Material shown –
--------------------------------
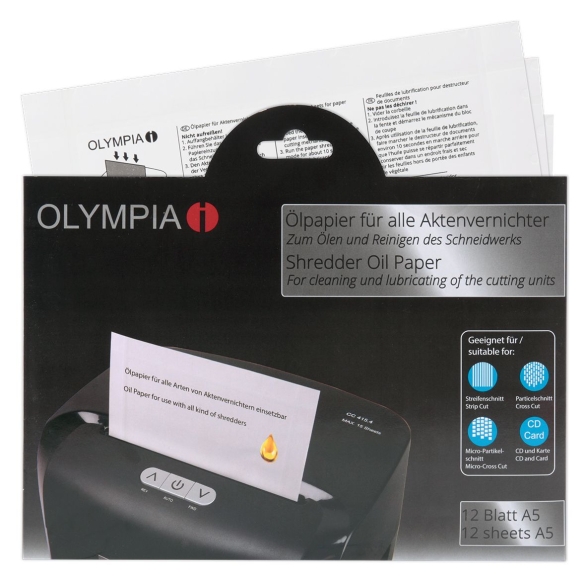 Ölpapier für alle Arten von Aktenvernichtern Verlängert die Lebensdauer des Geräts Perfekt dosiertes Pflegemittel, Öl auf pflanzlicher Basis Einfach zu benutzen, keine Rückstände Handhabung: Ölblatt für Aktenvernichter - Nicht aufreißen! Leeren des Papierkorbes empfohlen Führen Sie das Ölpapier in den Papier-Schlitz ein und starten Sie das Schneidewerk Nun wird das Blatt zerschnitten und das Öl tritt aus Anschließend das Gerät ca. 10 Sekunden im Rücklaufbetrieb laufen lassen Sie können den Aktenvernichter wieder normal gebrauchen Umschlagstasche enthält 12 Blatt Ölpapier in der Größe A5
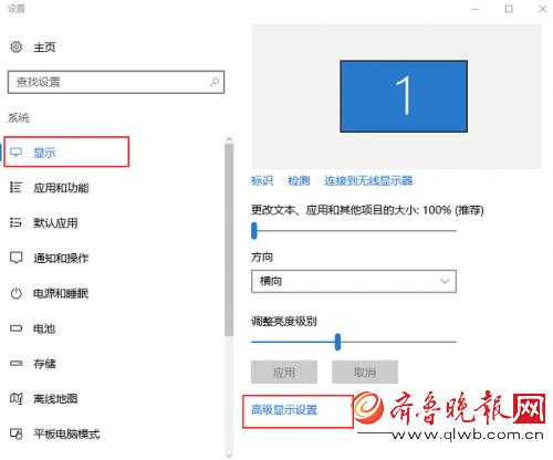 然后点击“设置”中的“高级显示”。
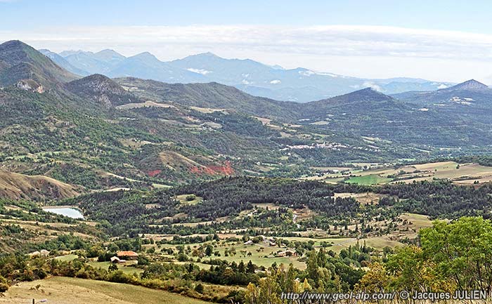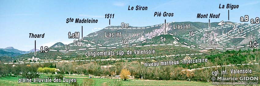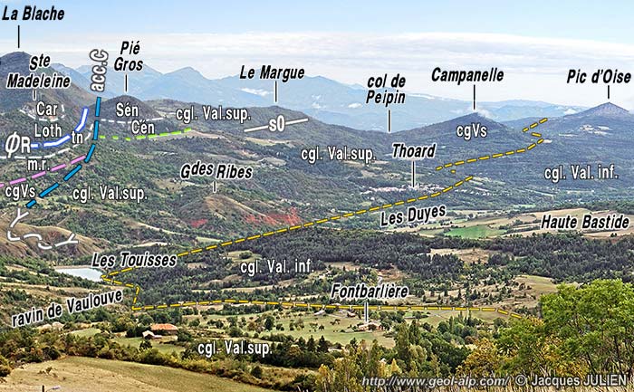 La basse vallée du torrent des Duyes s'engage franchement, à partir des abords amont de Thoard jusqu'à Barras, son confluent avec la Bléone, dans les alternances de marnes et de conglomérats continentaux de la formation de Valensole. Leurs couches, à litage très flou (voir leur aspect à la page "stratigraphie"), sont régulièrement et uniformément inclinées vers le sud-est avec un pendage faible, de l'ordre de 20°. Le relief qui en résulte est mou, formé de collines surbaissées, comme le cône régulier du Pic d'Oise, que séparent quelques profondes ravines.
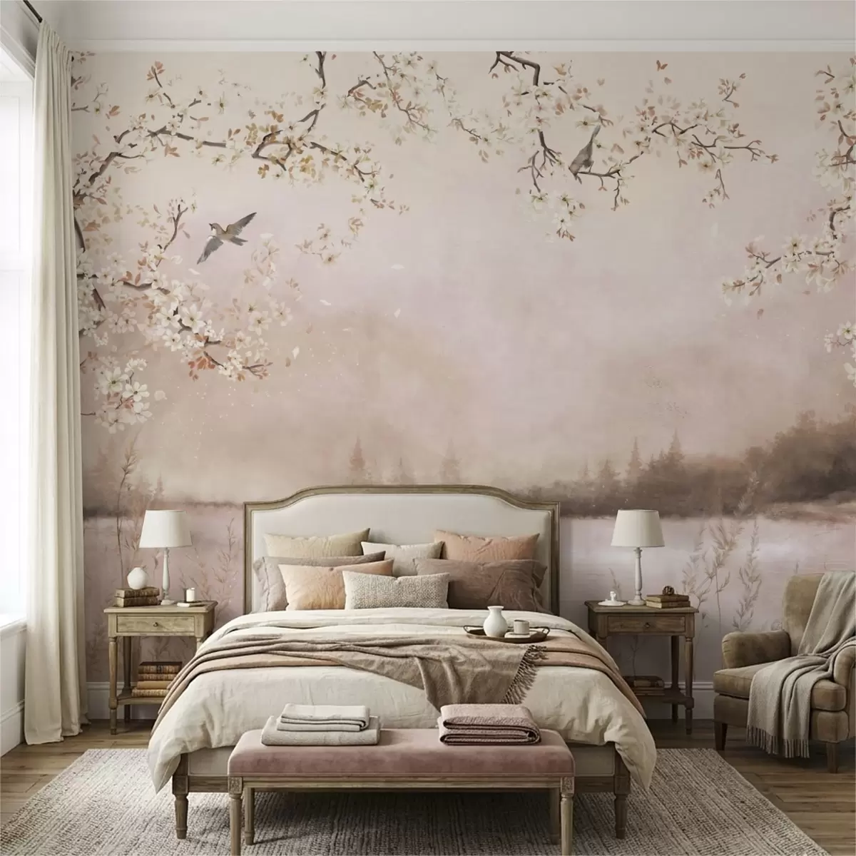 Fotomurales Ramas en flor sobre un lago tranquilo con pájaros en la niebla. Nr. w05155v1
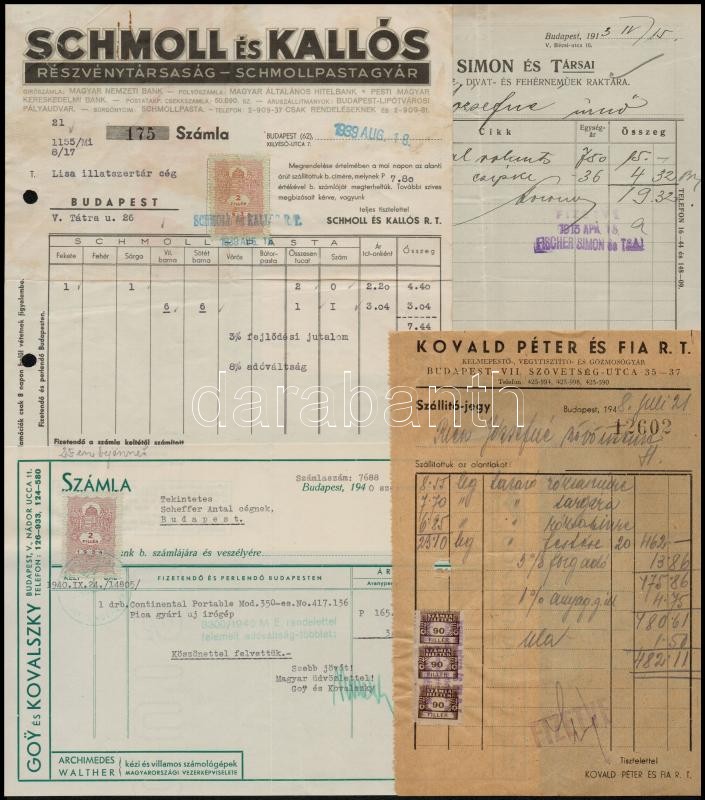 https://www.darabanth.com/en/320-Online-auction/320.0/Other-collectibles/Documents~500017/1913-1948-Bp-4-db-fejleces-szamla-3-okmanybelyeggel-Schmoll-es-Kallos-Fischer-Simon-es-T~II1769677
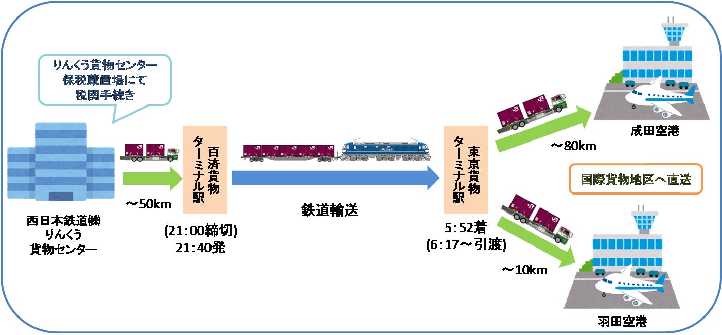 このたび、西日本鉄道株式会社 国際物流事業本部 (本部: 東京都中央区、 以下、西鉄)、センコー株式会社(本社:大阪市北区、以下、センコー)、日本貨物鉄道株式会社 関西支社(大阪市北区、以下、JR貨物関西支社)は、大阪府泉佐野市の西鉄りんくう貨物センター (以下、西鉄りんくう)から、成田・羽田空港国際貨物地区への航空貨物の保税運送における鉄道輸送を開始します。2022年9月よりテスト輸送を開始しており、本格稼働は2023年4月開始を予定しています。
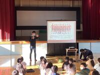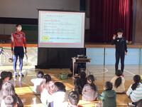 2・3校時に、宇都宮ブリッツェン運営会社サイクルスポーツマネージメント株式会社の3名の方を講師としてお招きして交通安全教室を行いました。2校時は、全学年で交通ルールやマナーなどの話を。3校時には、1~3学年(歩行中の交通ルールを基本から伝えるの動画)4~6学年(校庭に移動しての実技)の二班に分かれて行いました。
--------------------------------
Task to complete – Only the lines from the start of the records above through the line containing "Fotomurales Ramas en" should be returned, exactly and with both ends, please; the pictures stay out.

Exercise answer –
 Ölpapier für alle Arten von Aktenvernichtern Verlängert die Lebensdauer des Geräts Perfekt dosiertes Pflegemittel, Öl auf pflanzlicher Basis Einfach zu benutzen, keine Rückstände Handhabung: Ölblatt für Aktenvernichter - Nicht aufreißen! Leeren des Papierkorbes empfohlen Führen Sie das Ölpapier in den Papier-Schlitz ein und starten Sie das Schneidewerk Nun wird das Blatt zerschnitten und das Öl tritt aus Anschließend das Gerät ca. 10 Sekunden im Rücklaufbetrieb laufen lassen Sie können den Aktenvernichter wieder normal gebrauchen Umschlagstasche enthält 12 Blatt Ölpapier in der Größe A5
 然后点击“设置”中的“高级显示”。
 La basse vallée du torrent des Duyes s'engage franchement, à partir des abords amont de Thoard jusqu'à Barras, son confluent avec la Bléone, dans les alternances de marnes et de conglomérats continentaux de la formation de Valensole. Leurs couches, à litage très flou (voir leur aspect à la page "stratigraphie"), sont régulièrement et uniformément inclinées vers le sud-est avec un pendage faible, de l'ordre de 20°. Le relief qui en résulte est mou, formé de collines surbaissées, comme le cône régulier du Pic d'Oise, que séparent quelques profondes ravines.
 Fotomurales Ramas en flor sobre un lago tranquilo con pájaros en la niebla. Nr. w05155v1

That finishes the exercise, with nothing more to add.